Source data |
____

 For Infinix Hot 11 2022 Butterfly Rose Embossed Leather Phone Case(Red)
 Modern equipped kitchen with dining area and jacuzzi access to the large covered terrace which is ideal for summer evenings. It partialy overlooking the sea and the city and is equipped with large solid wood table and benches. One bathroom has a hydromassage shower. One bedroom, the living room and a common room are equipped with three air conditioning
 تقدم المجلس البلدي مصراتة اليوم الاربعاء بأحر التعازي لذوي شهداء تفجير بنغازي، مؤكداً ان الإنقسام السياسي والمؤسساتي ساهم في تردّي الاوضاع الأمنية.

____

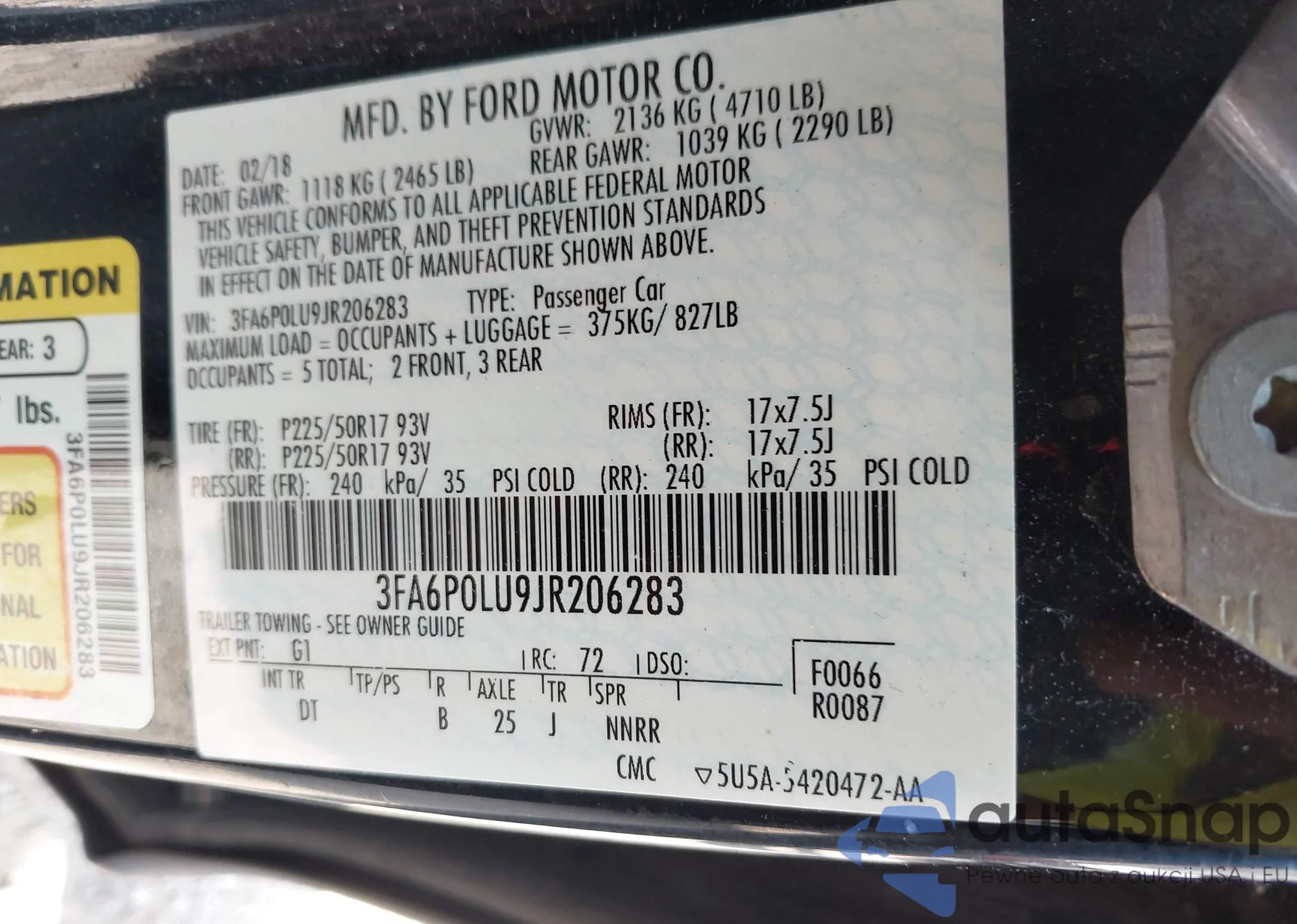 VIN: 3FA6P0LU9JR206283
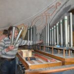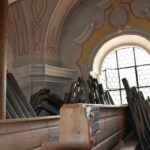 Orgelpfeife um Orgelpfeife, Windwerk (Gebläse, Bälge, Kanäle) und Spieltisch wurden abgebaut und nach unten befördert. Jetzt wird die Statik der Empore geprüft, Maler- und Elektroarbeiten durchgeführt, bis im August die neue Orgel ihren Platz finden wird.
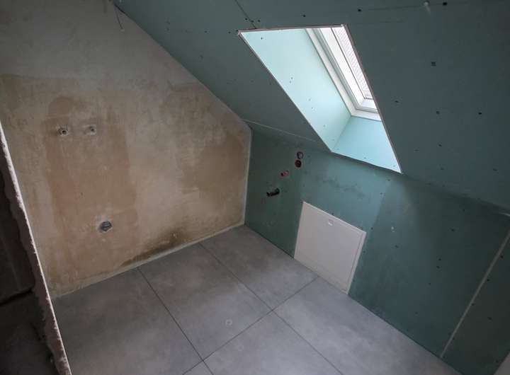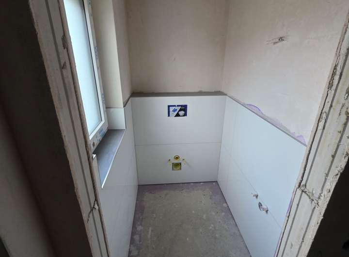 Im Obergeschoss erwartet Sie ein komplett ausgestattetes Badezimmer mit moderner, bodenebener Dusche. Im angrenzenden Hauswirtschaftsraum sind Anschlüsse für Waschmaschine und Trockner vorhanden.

____

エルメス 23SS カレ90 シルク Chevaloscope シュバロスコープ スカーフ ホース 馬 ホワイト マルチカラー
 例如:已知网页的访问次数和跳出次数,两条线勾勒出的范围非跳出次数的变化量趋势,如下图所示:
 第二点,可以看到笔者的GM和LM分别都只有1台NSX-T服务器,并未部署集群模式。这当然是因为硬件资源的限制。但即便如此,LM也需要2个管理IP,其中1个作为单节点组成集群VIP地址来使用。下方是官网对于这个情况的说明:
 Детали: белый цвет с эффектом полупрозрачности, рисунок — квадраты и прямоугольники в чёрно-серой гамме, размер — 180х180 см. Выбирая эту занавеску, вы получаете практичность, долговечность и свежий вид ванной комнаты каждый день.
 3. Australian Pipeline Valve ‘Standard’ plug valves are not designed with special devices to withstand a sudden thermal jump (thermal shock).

____

Set down, exactly as they appear above, all lines from the one that has "エルメス 23SS カレ90" down to the one that has "第二点,可以看到笔者的GM和", including those two and no others.

Response box |
エルメス 23SS カレ90 シルク Chevaloscope シュバロスコープ スカーフ ホース 馬 ホワイト マルチカラー
 例如:已知网页的访问次数和跳出次数,两条线勾勒出的范围非跳出次数的变化量趋势,如下图所示:
 第二点,可以看到笔者的GM和LM分别都只有1台NSX-T服务器,并未部署集群模式。这当然是因为硬件资源的限制。但即便如此,LM也需要2个管理IP,其中1个作为单节点组成集群VIP地址来使用。下方是官网对于这个情况的说明:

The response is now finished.